Uses : : It is Tonic, Diuretic
and Alterative. It is used in treatment of leporasy and known to ameliorate
the symptoms of the disease and improves general health of the patient.
It is a brain tonic and stimulates hair growth.
Centella asiatica is a small
herbaceous annual plant of the family Apiaceae, native to Asia. Common
names include Gotu Kola, Asiatic Pennywort, Antanan, Pegaga, and Brahmi
(although this last name is shared with Bacopa monnieri and other herbs).
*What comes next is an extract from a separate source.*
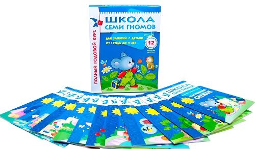 If you want to have at once all useful books from zero to a year, then we recommend you a wonderful set of books called "The School of the Seven Dwarfs". The products are a real, complex system, to which the "diploma of the school of the seven dwarfs" is attached. In the first book, you will find all kinds of jokes and nursery rhymes, accompanied by funny, colorful pictures. The kid, looking at the image, will soon learn to recognize the name of the drawn object.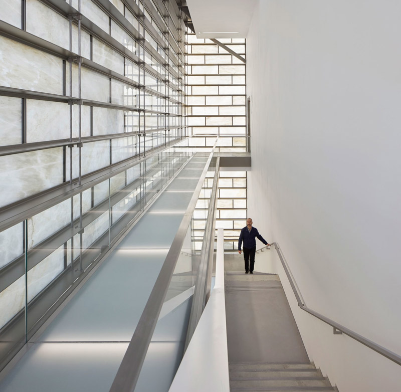 Marble can pass light through it. Of course, this depends on the thickness of the slab of stone. But the designers at Stanton Williams chose the exact measurements to allow light to travel through the stone. In the morning, the stone passes the light of the sun in the French city through it. At night, the backlit wall pushes the light into outer space. Therefore, the general idea is to play with light.

It is used as a medicinal herb in Ayurvedic medicine and traditional Chinese
medicine.
The stems are slender, creeping
stolons, green to reddish green in color, interconnecting one plant to
another. It has long-stalked, green, reniform leaves with rounded apices
which have smooth texture with palmately netted veins. The leaves are born
on pericladial petioles, around 20 cm. The rootstock consists of rhizomes,
growing vertically down. They are creamish in color and covered with root
hairs.
The flowers are pinkish to
red in color, born in small, rounded bunches (umbels) near the surface
of the soil. Each flower is partly enclosed in two green bracts. The hermaphrodite
flowers are minute in size (less than 3 mm), with 5-6 corolla lobes per
flower. Each flower bears five stamens and two styles.
The crop matures in three
months and the whole plant, including the roots, is harvested manually.
When eaten raw as a salad leaf, pegaga is thought to help maintain youthfulness.
A decoction of juice from the leaves is thought to relieve hypertension.
This juice is also used as a general tonic for good health. A poultice
of the leaves is also used to treat open sores. Interestingly, chewing
on the plant for several hours induces entheogenic meditation, similar
to the effects of salvia divinorum, although this practice is widely considered
dangerous, as it can cause temporomandibular joint pains.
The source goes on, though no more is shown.